Husband of U.S. Scholar Refutes Claim that Wife Is Spy
Monday, May 14, 2007; 3:48 PM
The husband of noted American scholar Haleh Esfandiari today angrily denied allegations made in Iran's press during the weekend that the 67-year-old grandmother was trying to foment revolution inside Iran and was spying for both the United States and Israel.
The unofficial charges were made in Tehran's Kayhan newspaper, which is closely tied to President Mahmoud Ahmadinejad and reflects government views. The allegations against Esfandiari, who is director of the Middle East program at the Smithsonian Institution's Woodrow Wilson International Center of Scholars, offer the first indication of the case that Iran may be trying to craft against the Potomac resident. Although the Foreign Ministry finally confirmed her detention Sunday, no formal charges have been issued since she was imprisoned a week ago after more than four months under virtual house arrest and weeks of interrogations in Tehran.
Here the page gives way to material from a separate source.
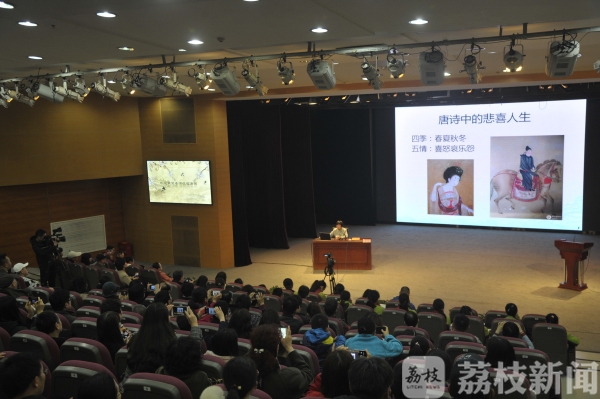 今天(3月30日)上午,中国诗词大会评委、著名隋唐史学者、《百家讲坛》主讲人、中央民族大学历史文化学院蒙曼教授应邀来到南京图书馆名家讲堂,畅谈“唐诗中的悲喜人生”,与前来的中小学生互动交流。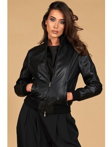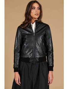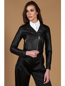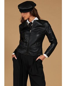 Giacca corta bolero in pelle nera girocollo nappa effetto liscio D'Arienzo

Asked about Esfandiari's case during a weekend visit to Abu Dhabi, Ahmadinejad said, "This is within the jurisdiction of Iran's judiciary, which will provide information about the issue in due course," Iran's Web site reported today.
Esfandiari's husband Shaul Bakhash, Monday refuted the long list of allegations made in a front-page Kayhan article. Esfandiari had never been to Israel, worked with the American Israel Public Affairs Committee, formed an "Iran office" for the Jewish organization, organized its conferences, worked with the Israeli intelligence agency Mossad, or been a Zionist, Bakhash said.
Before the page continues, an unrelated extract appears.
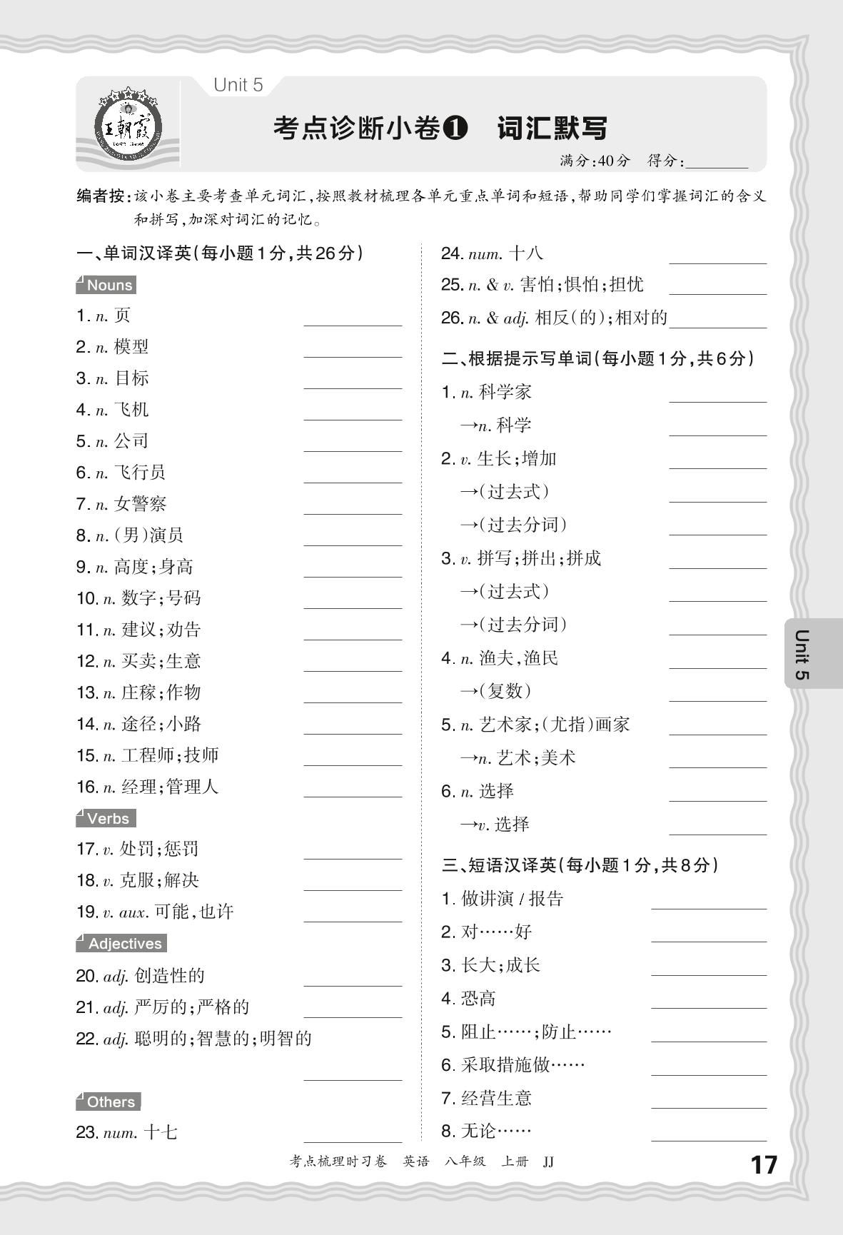 2024秋上册八年级英语冀教版 Unit 5 考点诊断小卷1 词汇默写

Kayhan said Esfandiari had been "one of the main elements of Mossad in driving a velvet revolution strategy in Iran." The article also said she ran "obvious intelligence missions" under her cover as a Wilson Center programming director and used her seminars to "evaluate the capacity of reformists to change the Islamic order." It also said she had formed two networks of Iranian activists in the United States and Dubai with the goal of toppling Iran's Islamic government.
Bakhash, a George Mason University professor, also denied today that he had ever worked with Mossad. "The charges against my wife Haleh and myself are sinister and also absurd and fantastical, the concoctions of men who have lost touch with reality," he said.
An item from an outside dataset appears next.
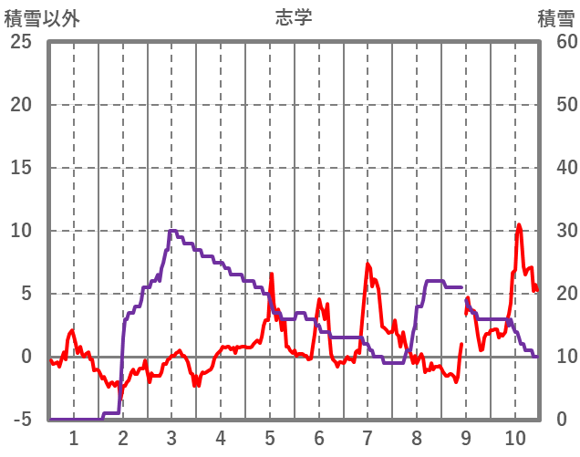 | 日 | 時 | 気温 | 降水 | 風向/風速 | 日照 | 積雪 | 降雪 |

Bakhash said today that he had also never been a Zionist.
Esfandiari, a widely respected academic who ran a program featuring an array of views on Iran, is a Shiite Muslim. She was in Tehran visiting her ailing 93-year-old mother, who is Austrian by birth, when she was first summoned by Iran's Intelligence Ministry.
Esfandiari was imprisoned just as Iran and the United States have agreed to meet in Baghdad within the next two weeks to discuss Iraq. The U.S. ambassador to Iraq, Ryan Crocker, will lead the delegation.
A "Free Haleh" Web site campaign has been launched by the American Islamic Congress in conjunction with Ibn Khaldoun Center in Cairo, the Initiative for Inclusive Security in Washington, and the Kuwaiti Economic Society.